We are living not only through the “new norm,” but also through the shattering of established norms. As the not-so-distant past demonstrates, previous generations also faced exceptionally challenging times –disenfranchisement of African Americans and other minorities during the 1890s, the 1918 influenza pandemic, and Japanese American internment and the Zoot Suit Riots during the Second World War, among others. And this has happened throughout history. In this post, we’ll look at an example of societal change from my research.
“Failure” and Its Aftermath
Over the past few months, I’ve been noticing various analysts and commentators claim that the United States is a failed state, or is on its way to becoming a failed state.

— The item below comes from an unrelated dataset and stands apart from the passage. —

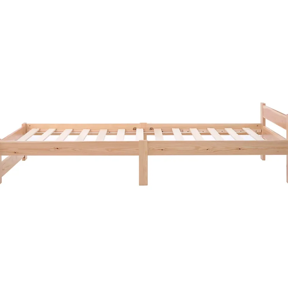 Description Aspect exceptionnel : tous les composants sont parfaitement assortis. Les indentations dans la surface du lit assurent une ventilation optimale, tandis que le bois peut être traité et personnalisé à votre guise. Profitez de l’aspect merveilleux de ce lit en bois massif fait de bois naturel de haute qualité. Apportez la tendance directement dans votre maison : les lits en bois massif font fureur en ce moment, ce lit en bois massif simple et durable dispose d’une structure en pin massif, de pieds et d’un cadre en bois massif. Simple et silencieux : le lit vous offre tout le confort et le soutien dont vous avez besoin sans les fioritures inutiles d’un lit traditionnel. Ses lignes simples et élégantes créent une atmosphère paisible et le lit complète de nombreux styles et intérieurs différents. Vous obtenez toujours une bonne nuit de sommeil, c’est de cela qu’il s’agit! S’adapte à toutes les pièces : le lit indestructible 90×200 cm est le lit simple idéal, le lit d’appoint compact avec une hauteur confortable de 49 cm. Pour votre maison ainsi que les hôtels et chambres d’hôtes. Testé, le lit en bois ne grince pas sous charge. Bonne taille : avec sa taille, le lit convient également aux petites pièces, aucun sommier à lattes supplémentaire n’est nécessaire, car le matelas est directement sur le lit.Détails du produit Taille totale : 205x97x49cm Poids total : 15 KG Matelas assortis (cm) : 200x90cm Capacité de charge (kg):150KG Couleur principale : Naturel Matériau principal : Bois

For example, in the June 2020 edition of The Atlantic, George Packer wrote, “Every morning in the endless month of March, Americans woke up to find themselves citizens of a failed state. With no national plan—no coherent instructions at all—families, schools, and offices were left to decide on their own whether to shut down and take shelter.” Packer was addressing the fact that the failures of the federal pandemic response highlight larger-scale problems with the administration, but his analysis has wider implications.
As an archaeologist, I find this alarm-sounding interesting. Pause for a moment and ask yourself what the word “state” means. Is it, as Dictionary.com defines it, “a politically unified people occupying a definite territory; nation”? Is it Big Brother of George Orwell’s Nineteen Eighty-Four? Is it something in between? Or is it the social norms that structure our lives?
I believe that the “state” Packer and others, such as anthropologist Wade Davis (Rolling Stone August 6, 2020), are talking about is that last option. Social norms—the shared values about what is expected, permitted, or forbidden—are being challenged and rewritten. What will happen to us and our culture if our state completely fails? That is the fear implicit in these recent alarms.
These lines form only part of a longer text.